- [Task directions]:
Go to the line containing "Louis XVI style" and retype it and every later line exactly as written, up to the last line of the entries. Keep pictures out.

Dataset excerpts:
-- Opening Marker --
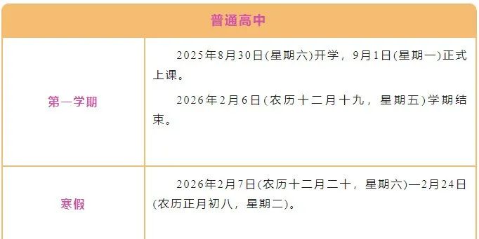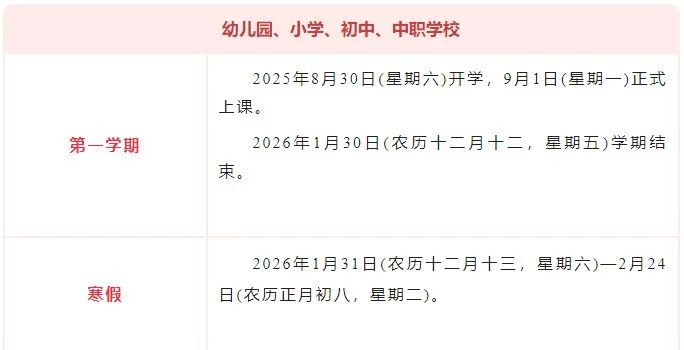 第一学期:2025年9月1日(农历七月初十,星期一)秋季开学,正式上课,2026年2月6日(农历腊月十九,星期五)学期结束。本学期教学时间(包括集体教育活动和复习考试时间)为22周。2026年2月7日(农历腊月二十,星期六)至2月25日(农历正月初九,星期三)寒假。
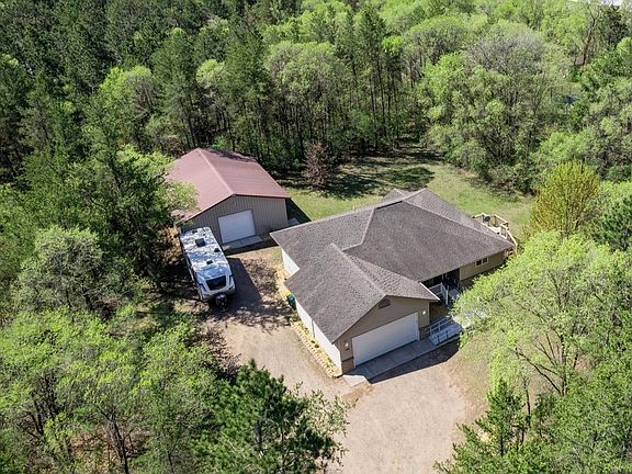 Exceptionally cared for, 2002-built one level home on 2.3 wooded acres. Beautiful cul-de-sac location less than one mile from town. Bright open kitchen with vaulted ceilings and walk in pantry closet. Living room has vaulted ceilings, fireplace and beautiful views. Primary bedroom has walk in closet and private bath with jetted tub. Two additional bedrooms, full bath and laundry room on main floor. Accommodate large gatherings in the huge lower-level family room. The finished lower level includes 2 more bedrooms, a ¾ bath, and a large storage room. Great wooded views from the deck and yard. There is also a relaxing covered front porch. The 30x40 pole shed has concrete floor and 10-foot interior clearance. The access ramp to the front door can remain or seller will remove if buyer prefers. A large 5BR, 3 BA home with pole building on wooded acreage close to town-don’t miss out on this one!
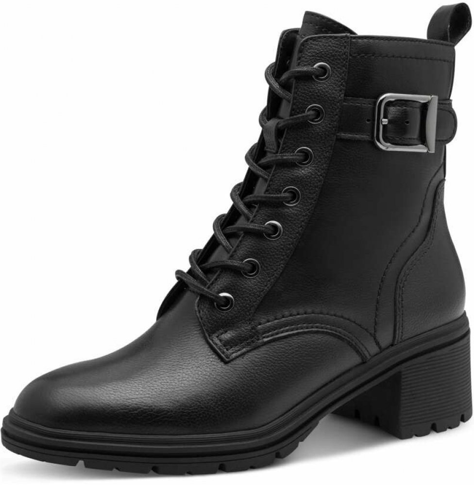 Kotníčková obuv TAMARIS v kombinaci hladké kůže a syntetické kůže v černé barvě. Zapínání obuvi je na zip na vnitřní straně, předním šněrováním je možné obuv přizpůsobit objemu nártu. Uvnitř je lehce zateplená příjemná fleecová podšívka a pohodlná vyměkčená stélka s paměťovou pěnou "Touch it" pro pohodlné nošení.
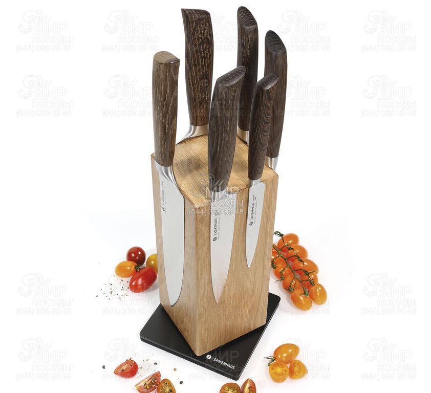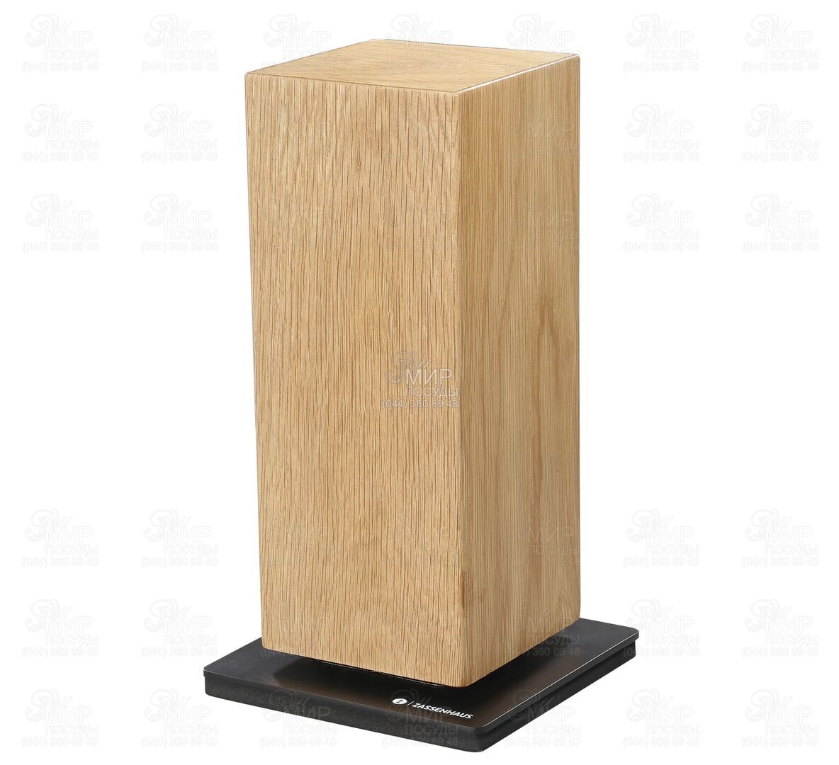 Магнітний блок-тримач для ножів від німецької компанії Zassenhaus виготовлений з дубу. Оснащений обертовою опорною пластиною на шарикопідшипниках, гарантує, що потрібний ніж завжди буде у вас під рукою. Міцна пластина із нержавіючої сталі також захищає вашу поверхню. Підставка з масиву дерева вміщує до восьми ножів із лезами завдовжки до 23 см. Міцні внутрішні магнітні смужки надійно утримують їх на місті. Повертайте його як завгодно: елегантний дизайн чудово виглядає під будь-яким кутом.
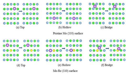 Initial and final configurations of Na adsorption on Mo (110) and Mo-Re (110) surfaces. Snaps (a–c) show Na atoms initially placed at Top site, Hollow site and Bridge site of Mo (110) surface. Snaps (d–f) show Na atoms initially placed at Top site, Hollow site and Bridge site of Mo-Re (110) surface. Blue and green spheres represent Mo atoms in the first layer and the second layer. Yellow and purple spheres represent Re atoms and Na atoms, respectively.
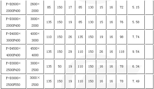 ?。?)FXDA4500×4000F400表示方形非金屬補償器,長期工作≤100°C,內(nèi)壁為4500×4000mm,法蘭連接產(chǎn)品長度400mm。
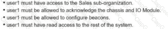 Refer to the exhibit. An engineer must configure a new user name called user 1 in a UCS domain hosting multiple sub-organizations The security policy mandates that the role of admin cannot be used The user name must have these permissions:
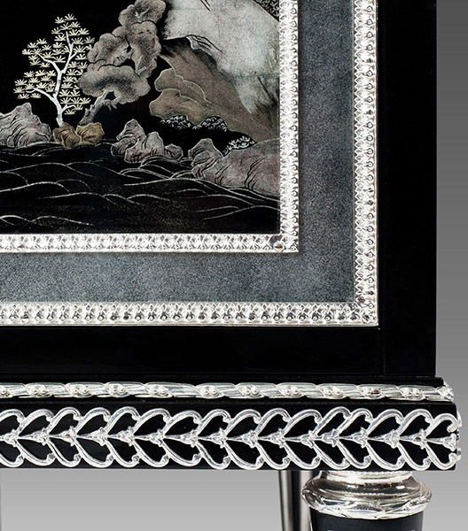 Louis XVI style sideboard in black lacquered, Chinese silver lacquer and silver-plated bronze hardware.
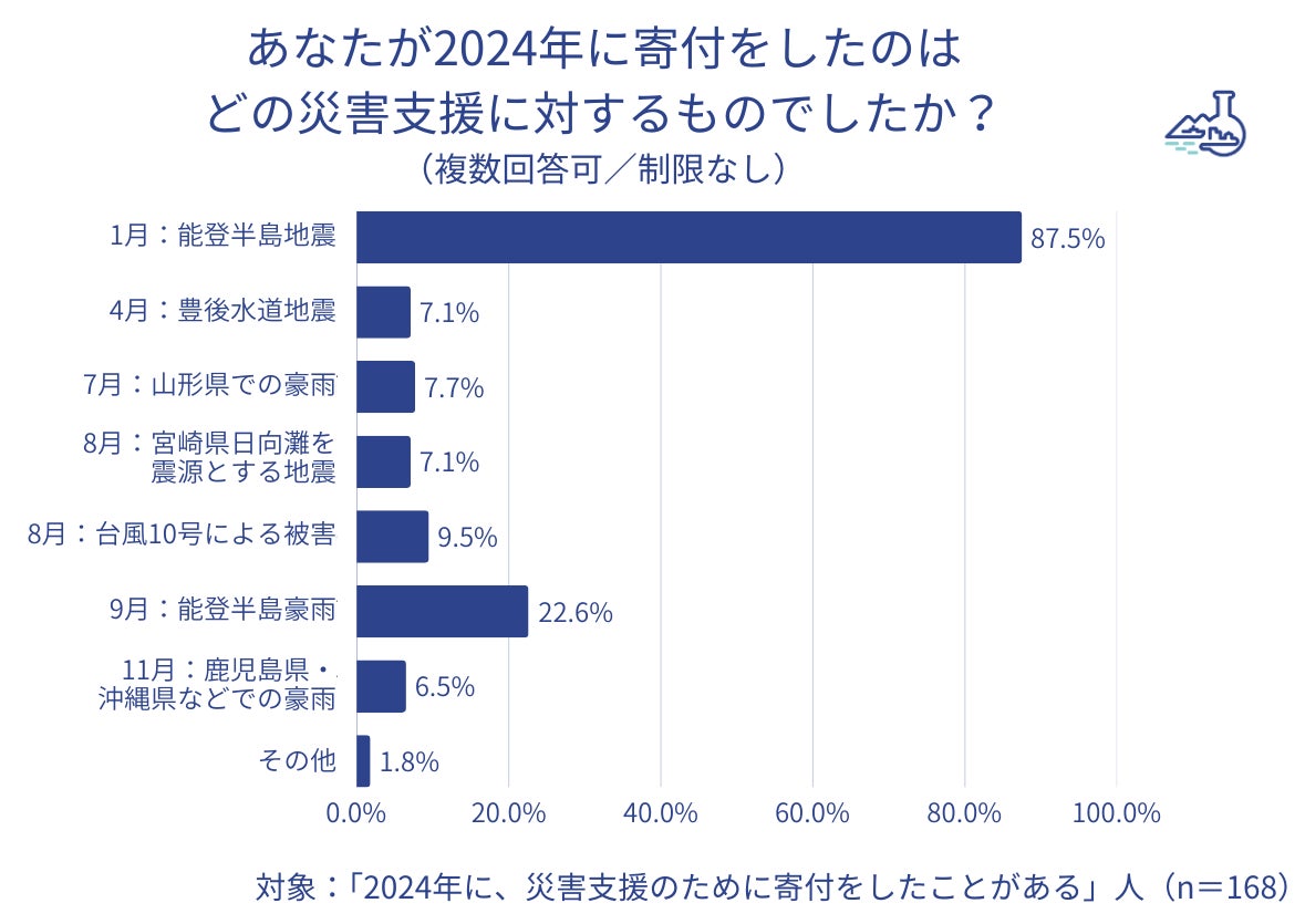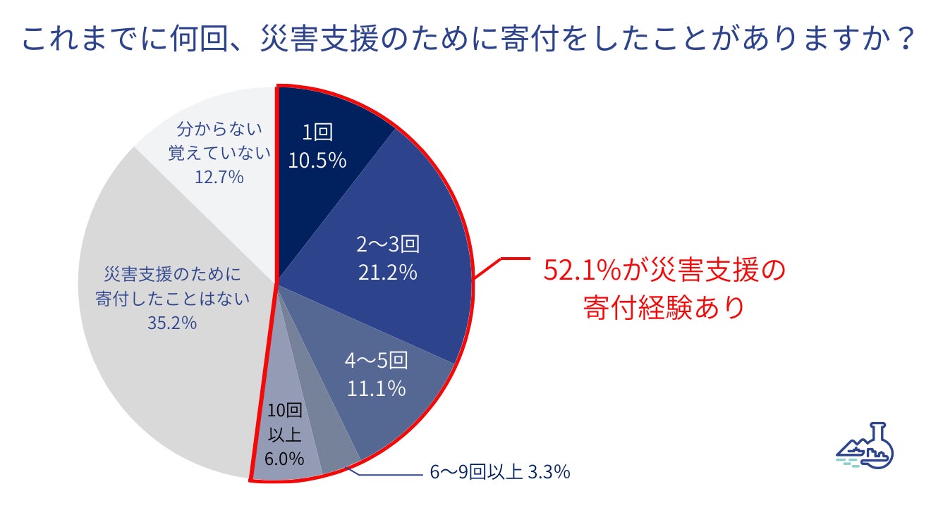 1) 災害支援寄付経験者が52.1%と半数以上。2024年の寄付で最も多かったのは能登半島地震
-- Closing Marker --
- [Result]:
 Louis XVI style sideboard in black lacquered, Chinese silver lacquer and silver-plated bronze hardware.
 1) 災害支援寄付経験者が52.1%と半数以上。2024年の寄付で最も多かったのは能登半島地震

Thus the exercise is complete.